# Reccd for youth squirrel shotgun



## erhunter (Dec 17, 2016)

Wanted to get people's thoughts on a 12 g shotgun to get a kid into hunting starting with squirrel? He's around 10.  I think he'll want to hunt turkey too eventually.  Can a kid lug around an adult shotgun? Or is it better to start with a small kid one then upgrade later? Is it better to get a single or double barrel to teach them to choose shot carefully rather than a semiauto?   If people have experience with a particular brand that is affordable but quality 
I appreciate the input


----------



## king killer delete (Dec 17, 2016)

20 gauge


----------



## georgia_home (Dec 17, 2016)

A youth model 20 would be nice. Id recommend either a pump or auto depending on your finances.

See if you can get a brand that has a stock that can be easily upgraded with a full size version later. If so, that's perfect. It'll be something that can be used for the persons entire hunting life for almost everything.

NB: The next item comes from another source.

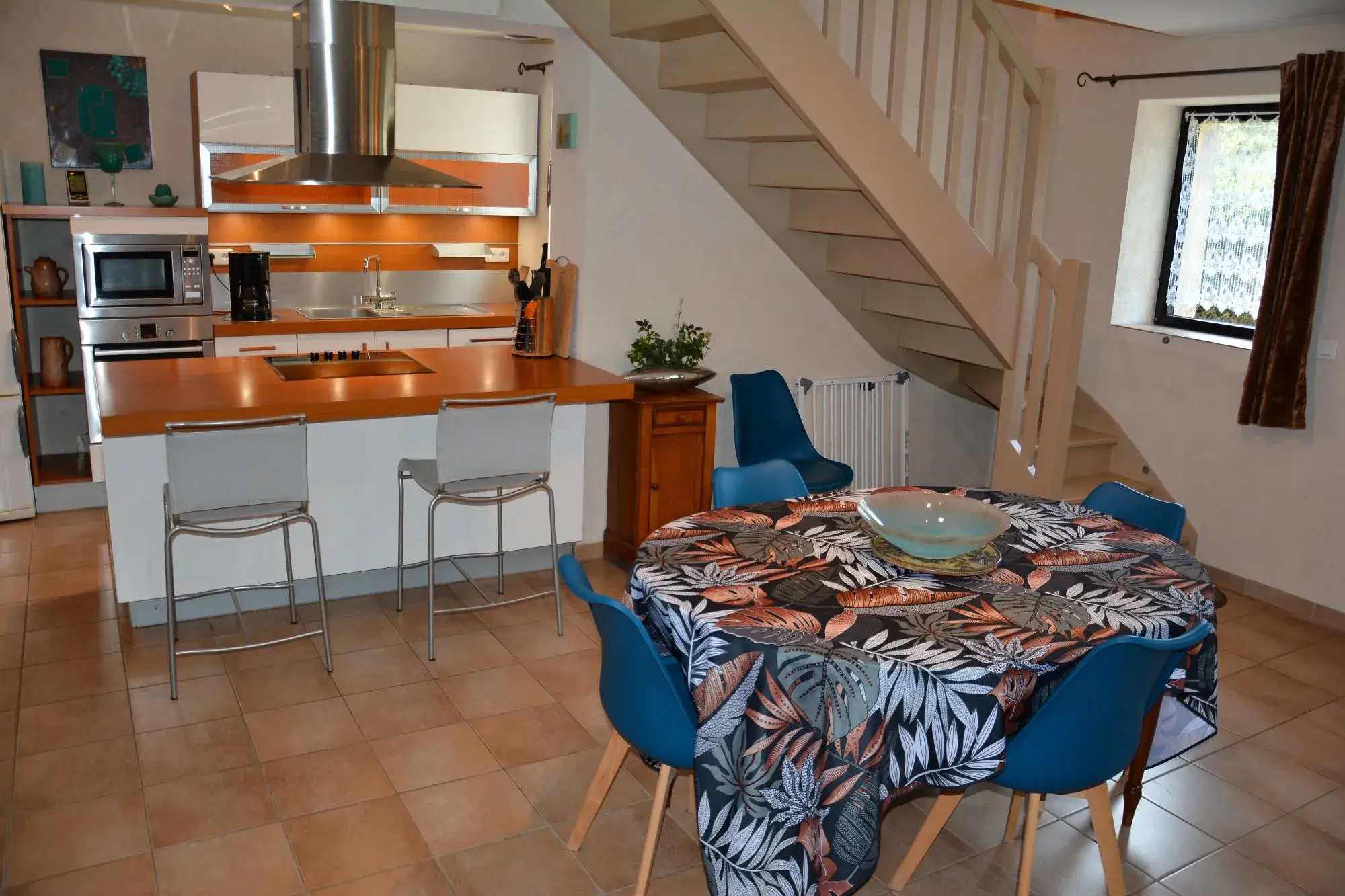 La cuisine est de taille moyenne, elle bénéficie d'un grand plan de travail et d'un ensemble d'appareils électroménagers. Elle est équipée de tout le nécessaire pour préparer de succulents mets durant votre séjour. Petite attention particulière, une station météorologique est disposée sur les étagères de la cuisine, elle vous donnera le temps à venir durant vos vacances. La cuisine comprend :

The 870 or 1187 are good choices. I'd guess some of the other vendors have similar items with a stock changes from short to full size too. I am not as familiar with their offerings. Google may give more ideas for ya.


----------



## greg_n_clayton (Dec 17, 2016)

Yep. 12 would be too recoil for him. I would also recommend the 20 !! Wish I had one of them 870s myself in 20 !! Get him a cheap used single shot 410 too !! I got a couple I found for under a Franklin.


----------



## erhunter (Dec 17, 2016)

Thanks for the input.  Could he use 20 g to take a deer or turkey?


----------



## king killer delete (Dec 17, 2016)

He will get allot more use out of it than just small game. A good deer, duck and turkey gun


----------



## erhunter (Dec 17, 2016)

Perfect Thanks!


----------



## greg_n_clayton (Dec 17, 2016)

erhunter said:


> Thanks for the input.  Could he use 20 g to take a deer or turkey?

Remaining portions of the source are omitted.